Recently I got a topic suggestion from my classmate. She has a passionate interest in learning other countries’ culture, and wants me to introduce one of the 20th century composers from my country. Fortunately one best composer came in my mind: Unsuk Chin.

For a very brief introduce about her, she was born in Seoul, Korea in 1961. Since 1985, she has been living in German and studied composition under György Ligeti in Hamburg from 1985 to 1988. She won a number of esteemed composing competitions including the 1985 Gaudeamus Award, the 2004 Grawemeyer Award for Music Composition for her Violin Concerto, the 2005 Arnold Schoenberg Prize, the 2010 Prince Pierre Foundation Music Award, the 2012 Ho-Am Prize, the 2017 Wihuri Sibelius Prize.
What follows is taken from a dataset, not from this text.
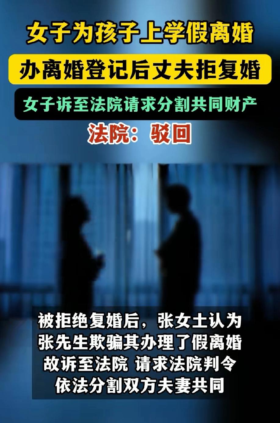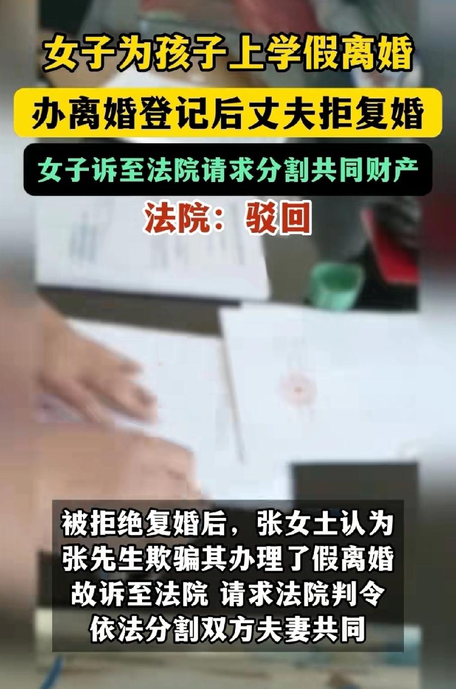 “假戏真做!”女子为了孩子能顺利上学,和丈夫商定假离婚,并办理了协议离婚的手续。等孩子入学后,女子找丈夫复婚,没想到,丈夫却一个劲的拒绝,就是不愿意复合。女子这才反应过来被骗,既然复婚无望,那就重新分割夫妻共同财产,她为此还闹上法院,不料,法院却认定离婚协议真实有效,磨灭了女子最后的希望。 2019年,李女士和丈夫张先生为了孩子的入学问题,几乎愁的睡不着觉。 几个孩子都到入学的年纪,可优质教育资源有限,学区的入学政策卡得严,夫妻俩可谓是绞尽脑汁。 琢磨来琢磨去,张先生突然一拍大腿,提出了“假离婚”的主意。 离婚可不是小事,听到这样的话,李女士一时间有点难以接受。 张先生安慰她,就是走个离婚的流程,等孩子顺利报上名,咱们立马复婚,谁也不吃亏。 李女士总觉得这事有点不靠谱,可她实在想不出第二条路,为了孩子能顺利上学,她咬咬牙还是点了头。 她当时还盘算着,不过是换个离婚证的事,等孩子入学手续办完,一家人就能恢复原样,应该不会出岔子。 俩人说办就办,很快就拿着签好的离婚协议书去了民政局,顺利领了离婚证。 离婚协议上把财产分割、子女抚养的条款都写得明明白白,李女士只当是走个过场,当时没多想,甚至签名字的时候都没仔细多看几眼。 接下来的日子,夫妻俩跟往常一样同吃同住,外人根本看不出他俩已经是“离婚”的状态。 等孩子最终顺利踏进心仪学校的校门,李女士悬着的心总算是落了地,心里美滋滋地盘算着,该跟丈夫提复婚的事了。 可让李女士万万没想到的是,等她向丈夫提出复婚时,张先生却一反常态,支支吾吾地找各种理由推脱。 一次两次,李女士还以为丈夫是工作太忙,没放在心上,可次数多了,张先生竟然直接拒绝复婚。 这时候,李女士才后知后觉地反应过来,自己怕是被丈夫算计了,所谓的假离婚,从头到尾可能就是丈夫布下的一个局。 复婚的希望彻底破灭,李女士越想越憋屈,越想越不甘心。既然没法再做一家人,那至少得把夫妻共同财产重新分清楚。 她拿着当初那份几乎没细看的离婚协议书,越看越觉得不合理,一气之下把张先生告上了法院,请求法院判令重新分割两人的夫妻共同财产。 法庭上,李女士情绪激动地陈述着当初“假离婚”的原委,一口咬定离婚协议是基于为孩子上学的虚假目的签订的,这至少属于重大误解,不应该作数。 可谁知,丈夫却一口咬定,离婚是他们的真实想法,协议上有李女士的签字,这就是真实有效的离婚。 对此,法院会如何审理呢? 一、法律上并没有“假离婚”的概念。 《最高人民法院关于适用〈民法典〉婚姻家庭编的解释(二)》第二条规定:夫妻登记离婚后,一方以双方意思表示虚假为由请求确认离婚无效的,人民法院不予支持。 本案中,李女士与张先生为孩子入学达成“假离婚”合意,并共同签署离婚协议书、办理离婚登记,领取了离婚证。 从法律层面看,离婚登记是具有公示效力的要式法律行为,一旦完成登记,婚姻关系即法定解除,不存在“假离婚”这一法律概念。 李女士主张离婚是“虚假意思表示”,但未能提供有效证据证明双方存在通谋虚伪的合意,且民政部门的离婚登记已对外产生公信力。 二、李女士自愿签署离婚协议,对双方具有法律约束力。 《民法典》第一千零七十六条规定:离婚协议应当载明双方自愿离婚的意思表示和对子女抚养、财产以及债务处理等事项协商一致的意见。 尽管李女士声称签字时“未仔细多看几眼”“只当走个过场”,但作为具有完全民事行为能力的成年人,其应当知晓签字行为产生的法律后果。 法律认定离婚协议效力的核心是“自愿签署+登记生效”,只要协议内容不违反法律强制性规定,不存在欺诈、胁迫等法定可撤销情形,即对双方产生约束力。 三、李女士主张“重大误解”并不成立。 《民法典》第一百四十七条规定:基于重大误解实施的民事法律行为,行为人有权请求人民法院或者仲裁机构予以撤销。 本案中,李女士对“离婚登记会导致婚姻关系解除”这一核心事实不存在错误认识,其所谓“误解”本质是对“丈夫会按约定复婚”的信赖落空,属于对后续履约行为的预期偏差,而非对离婚协议本身的重大误解。 法院审理认为,李女士主张的“假离婚”缺乏事实依据,不能成立。 最终,法院判决驳回了李女士的全部诉讼请求。 李女士不服一审判决,提起上诉。二审法院经过审理,结果依旧维持了原判。 说好的假离婚,没想到竟然是假戏真做,李女士为了孩子上学的妥协,竟然让她落得这般进退两难的境地。

My first experience of her composition was “Mad Tea-Party” from her opera, Alice in Wonderland played by Seoul Philharmonic Orchestra. I was around 17 and the short excerpt was quite shocking in a good way. With the short program note, I can imagine the manic tea-party of the scene in Alice in Wonderland. Because the music made such a huge impression, I can remember the music even though I listen to the music only once ten years ago. If you were wondering what I listened, here is the link! https://www.youtube.com/watch?v=44InGfrykBw

I would like to talk a little bit about her Gougalōn — Scenes from a street theatre. The music was inspired from her trip to China, Hong Kong and Guangzhou in 2008 and 2009. According to her composition description, she thought China was so similar with Seoul in 1960s when was after the Korean War and when the street was a big stage for street vendors, musicians and dancers, fortune-tellers, and traveling hawker. So she called her music “imaginary fork music.” Unlike Bartok or Liszt, Chin did not use any Asian folk tune, Asian five-tone scale, unique rhythm, or traditional instrument (except for Chinese gongs and Japanese temple bell). The music only depends on her memory of Seoul and Hong Kong and Guangzhou, but does not have oriental aspect.

New York Philharmonic Leon Levy Digital Archive — 2013 Apr 5 program note written by Unsuk Chin

In the 20th century class we talked a lot about folk music and plagiarism. Some people might doubt that it’s a folk element, but after listen to this, I think that the atmosphere, the scene, the memory of your own country could be the folk elements. For that reason I agree with and love her use of “imaginary folk music” for this work. I hope you also enjoy 1960s Seoul!